Les logiciens et mêmes les psychologues prennent
d’ordinaire comme simple, comme inné ou, tout au moins,
comme institué par les seules forces de l’individu, le
procédé qui consiste à classer les êtres, les événements,
les faits du monde en genres et en espèces, à les subsumer
les uns sous les autres, à déterminer les rapports
d’inclusion ou d’exclusion.
Il y a pourtant un fait qui, à lui seul, pourrait suffire
à indiquer que cette opération a d’autres origines :
c’est que la manière dont nous l’entendons et la
pratiquons est relativement récente.
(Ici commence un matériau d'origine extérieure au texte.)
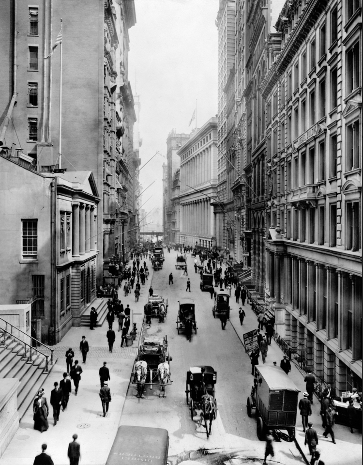 Vintage New York photos in very large or small formats at the turn of the century, circa 1905. Photos depict the New York Stock Exchange and the Chase Office Building, and Broad Street and street brokers in New York City.

Pour nous, en effet,
classer les choses, c’est les ranger en groupes distincts
les uns des autres, séparés par des lignes de démarcation
nettement déterminées. De ce que l’évolutionnisme
moderne nie qu’il y ait entre eux un abîme
infranchissable, il ne s’ensuit pas qu’il les confonde
jusqu’à réclamer le droit de les déduire les uns des
autres.
Il
y a, au fond de notre conception de la classe, l’idée
d’une circonscription aux contours arrêtés et définis.
Or, on pourrait presque dire que cette conception de la
classification ne remonte pas au-delà d’Aristote.
Aristote est le premier qui ait proclamé l’existence et
la réalité des différences spécifiques, démontré que
le moyen était cause et qu’il n’y avait pas de passage
direct d’un genre à l’autre.
Non
seulement notre notion actuelle de la classification a une
histoire, mais cette histoire elle-même présuppose une préhistoire
considérable.
Les
métamorphoses, les transmissions de qualités, les
substitutions de personnes, d’âmes et de corps, les
croyances relatives à la matérialisation des esprits, à
la spiritualisation d’objets matériels, sont des éléments
de la pensée religieuse ou du folklore. Or l’idée même
de semblables transmutations ne pourraient pas naître si
les choses étaient représentées dans des concepts délimités
et classés.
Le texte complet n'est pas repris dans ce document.